İç işgücü piyasasının aşağıdaki işlevleri ayırt edilir:

    işçilere istihdam garantileri ve sosyal koruma sağlanması;

    organizasyon içinde işgücü arzı ve talebi arasında dengenin sağlanması;

    personelin geliştirilmesi ve mesleki ve nitelik özelliklerinin organizasyondaki yenilikçi değişikliklere uygun olarak ayarlanması.

Örgütlerin iç işgücü piyasaları, hem oluşum hem de işleyiş açısından dış işgücü piyasalarından farklılık göstermektedir; çünkü herhangi bir örgüt, dış çevreyle bağlantıları ancak zorunluluktan dolayı sürdüren kapalı bir yapıdır. Bu aynı zamanda dış işgücü piyasasının iç piyasa üzerindeki etkisi için de geçerlidir: Çalışan, çalışma hayatının kalitesinden memnun olduğu sürece işinden ayrılmasına gerek yoktur. iş yeri ve dış işgücü piyasasına girerek en iyi yer gerekli tüm koşullarla.

İç işgücü piyasalarında emek arz ve talebinin oluşum kalıpları da şirket içi işgücü piyasalarıyla karşılaştırıldığında kendine has özelliklere sahiptir. İşgücüne yönelik iç talebin ölçeği ve yapısı değiştiğinde, kuruluş halihazırda işe alınmış işçilerden gelen emek arzını ayarlayabilir ve ayarlamalıdır. Belirli bir kuruluşun, şirketin faaliyetlerindeki değişiklik ve yeniliklerden zamanında haberdar olan hemen hemen her çalışanı, kendi mesleki gelişimi konusunda bilinçli bir karar verecektir ve vermelidir. Şirketin ve işçinin ekonomik çıkarlarının etkileşimi, emek arzının yapısındaki değişikliklerde kendini gösterir. Çalışanın istihdam durumunu koruma arzusu, onu şirket içi işgücü talebindeki değişikliklere yeterli düzeyde yanıt vermeye teşvik edecektir. En “esnek” çalışanlar, gelecekte kuruluşun iç işgücü piyasasında talep edeceği bilgi, beceri ve yetenekleri önceden geliştirebilirler. Kuruluşun kendisinin iç işgücü arzının yapısını değiştirme konusunda aktif etkisi, kendi geliştirilmesi ve uygulanması yoluyla gerçekleştirilebilir. personel politikası Aşağıdaki bileşenleri içeren personel geliştirme programları dahil:

    eğitim;

    ilgili mesleklerde yeniden eğitim ve öğretim;

    Kuruluşun profili değiştiğinde temelde yeni faaliyet türlerine hakim olmak.

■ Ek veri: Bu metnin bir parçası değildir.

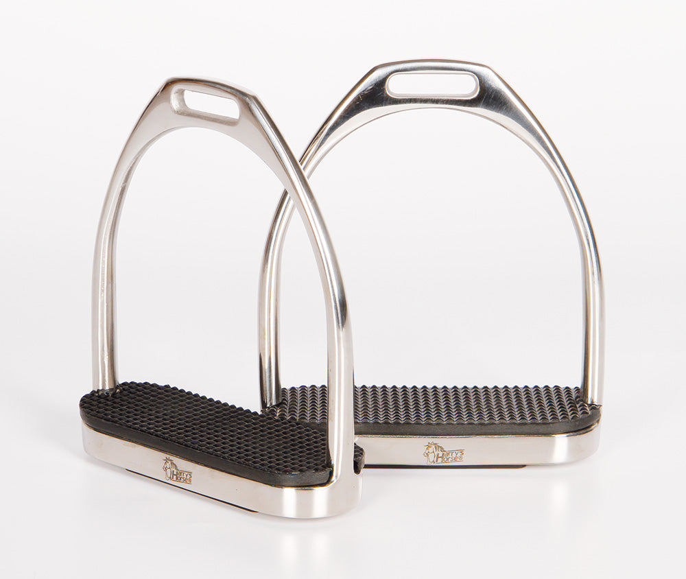 Hergestellt aus hochwertigem Edelstahl. Bietet Komfort und Stabilität für Pferd und Reiter, inklusive gerader, elastischer Sohlen.

Rus kuruluşlarındaki insan kaynakları yönetimi uygulamalarının analizi, şirket içi işgücü piyasalarındaki pazar ilişkilerinin gelişim düzeyinin tek tip olmaktan uzak olduğu sonucuna varmamızı sağlar. 1 Bugün Rusya'da, iç işgücü piyasasında insan kaynakları yönetiminin neredeyse tüm biçim ve yöntemleri bulunmaktadır. Bununla birlikte, devam eden personel politikasının kendisi, belirli bir kuruluşun iç işgücü piyasasının gelişim derecesi hakkındaki soruya henüz net bir cevap vermemektedir.

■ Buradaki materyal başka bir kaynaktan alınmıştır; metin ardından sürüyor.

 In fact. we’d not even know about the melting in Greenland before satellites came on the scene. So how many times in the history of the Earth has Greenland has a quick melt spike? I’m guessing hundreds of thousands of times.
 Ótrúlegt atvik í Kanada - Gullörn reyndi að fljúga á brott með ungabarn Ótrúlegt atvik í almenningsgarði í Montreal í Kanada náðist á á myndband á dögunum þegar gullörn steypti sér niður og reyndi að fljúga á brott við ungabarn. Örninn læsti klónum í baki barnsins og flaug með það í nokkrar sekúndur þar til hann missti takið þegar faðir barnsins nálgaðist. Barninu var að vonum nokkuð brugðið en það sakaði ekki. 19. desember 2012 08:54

İç pazarın yönetimi açısından bakıldığında, bir kuruluş, personel politikası çerçevesinde, bir yandan devletin sosyo-ekonomik politikasına (öncelikle istihdam politikasına) ilişkin önlemlere yanıt veremez, diğer yandan, çalışanların motivasyon öncelikleri sistemini etkili bir şekilde etkilemek için oldukça geniş bir araç yelpazesine sahiptir.

Bu nedenle, kurum kültürü normları ve buna karşılık gelen örgütsel davranış standartları temelinde oluşturulan personel politikası, çalışanın iç işgücü piyasasında gerçekleşen süreçlere gerçek katılım derecesini etkileyebilir.

2.3. İşletmenin dış işgücü piyasasıyla etkileşimi

Şu anda, birbiriyle yakından ilişkili olan açık (işletme dışı) ve şirket içi (kapalı) işgücü piyasalarını birbirinden ayırmak gelenekseldir. Şirket içi işgücü piyasası, işverenler ve çalışanlar, temsilciler ve onların işçilerin üretime yerleştirilmesi, örgütlenmesi ve işgücünün korunması, çalışma saatleri ve ücret, profesyonel terfi ve yeniden eğitim, ek sonuçlar için teşvikler. Böylece, işgücü piyasasının bir iç alt sisteminin varlığından bahsedebiliriz - şirket içi işgücü piyasası. Şirket içi işgücü piyasası sisteminin gelişimi, organik olarak ilişkili sistemlerin birleşik bir gelişimi olarak düşünülmelidir: sistemde faaliyet gösteren üretim, emek ve çalışma ilişkileri.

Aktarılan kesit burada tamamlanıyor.